I would say that yoga/somatics has allowed for me to return to my body and get out of my head, and to develop and trust my intuition. Because of my complex trauma history and neurodivergence, and because this white supremacist western culture we are all steeped in emphasizes using your brain at the expense of your body, I have a tendency to overthink. Dropping down into the body, breathing, noticing sensations, allows me to slow down and gives me freedom to just be, even if just for a moment. And doing this in community, in circle, where folks feel safe to be vulnerable, silly, and supported, is so important. These are ways to embody liberation, from a mat, from a chair, from a bed (You do not need a mat or "yoga clothes" to practice! Can you imagine folks thousands of years ago wearing stretchy leggings? It makes me laugh.) I've also been more uncompromising when it comes to REST in the context of justice and liberation work. It is ableist to expect folks to go go go all the time, and it is just reinforcing hypercapitalist modes of being. I primarily try to serve BIPOC communities, and in particular QTBIPOC because of the additional marginalizations we tend to face. Also to my folks who also struggle with ADHD, OCD, anxiety, depression--let me tell you about how these practices have made daily existence more bearable! And less reactive even when in situations where I must act--I can respond with agency instead of out of habit.

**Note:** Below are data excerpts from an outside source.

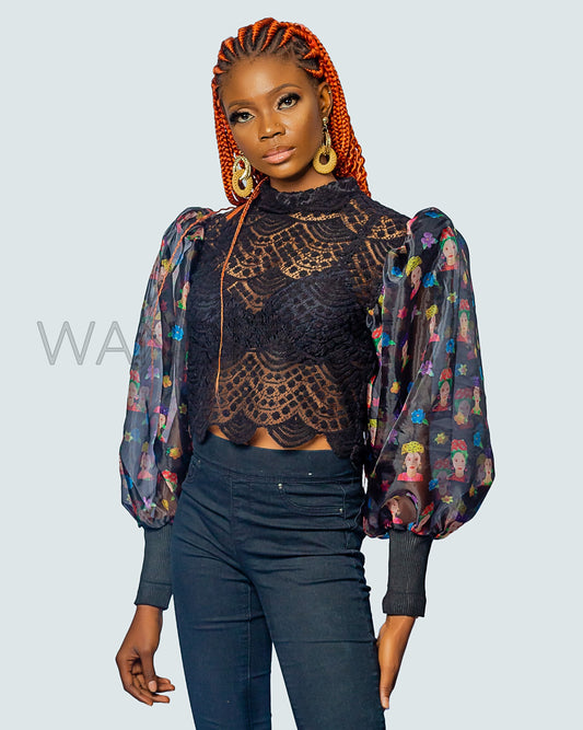 Lace Organza Puff Sleeve Top, Lace Mixed With Organza Crop Top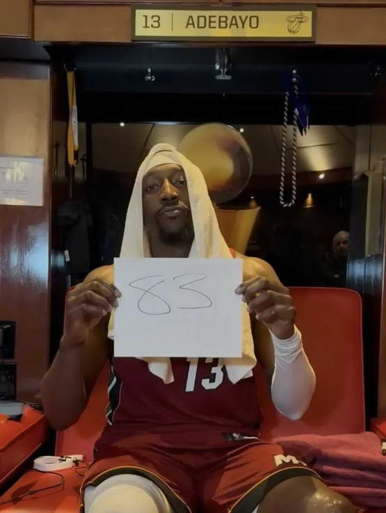“感谢我的教练,我将把这一刻视为职业生涯最佳,这格外特别,因为这是在我的主场。” 赛后,阿德巴约感谢了教练,也将致敬献给了名宿科比,“对我来说,我一直在想科比会说什么,我得到 83 分超过他,我就会想,‘他会对我说什么?’因为我一直都想和他聊聊天。他可能会说,‘再来一次’。能和自己从小崇拜的人在一起,真是太不可思议了。”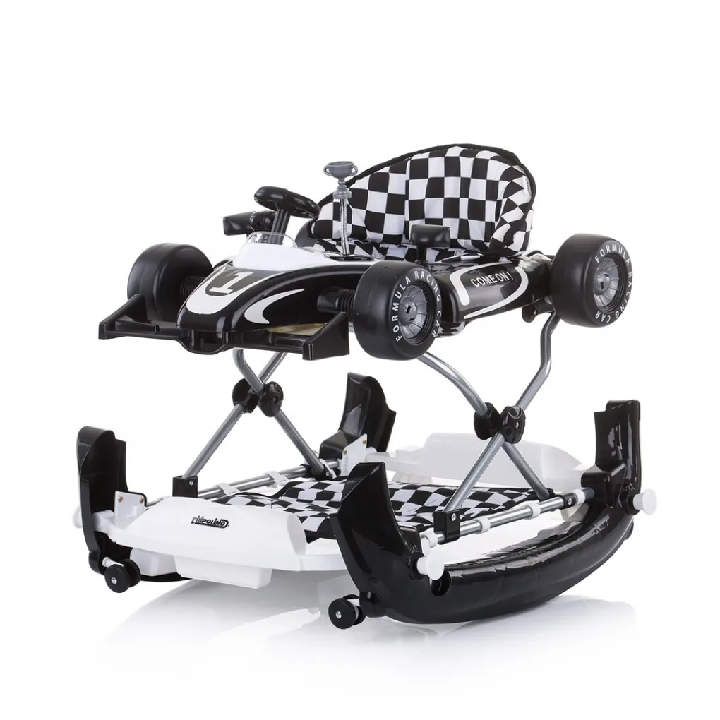 Met deze hippe 4-in-1 Loopstoel Racer van het merk Chipolino kan je kindje zelfstandig op avontuur gaan! De 4-in-1 loopstoel is zowel een loopstoel, als activiteitencentrum, schommelstoel en een duwwagen. Je kindje kan zich hier dan ook uren mee vermaken en uiteindelijk oefenen met zijn of haar eerste stapjes.

Founder of Healing Without Hierarchy & Kapwa Flow Somatic Meditation, Jessy Zapanta (they, she, siya, he) is a community organizer, educator, and survivor-centered mindful movement and meditation facilitator born and raised in the Bay Area. Experienced in western and Asian bodywork, counseling, Raja Yoga, qigong, somatics, and improv, Jessy has led workshops centering the experiences of queer, trans, gender-diverse, disabled, and neurodivergent practitioners, holding space for folks to reconnect to body, heartmind, and joy in beloved community. Siya is passionate about accessibility and facilitates a modality of radically-inclusive movement meditation called Kapwa Flow which holds space for the collective needs of participants and draws from the Pilipinx concept of interconnectedness. Jessy loves seeing the energetic shift when families or colleagues show up to class together. With roots spanning across Pangasinan, Nagasaki, and Fujian, Jessy’s path includes reclaiming diverse ancestral teachings, trusting intuition, and building intersectional, intergenerational communities of care.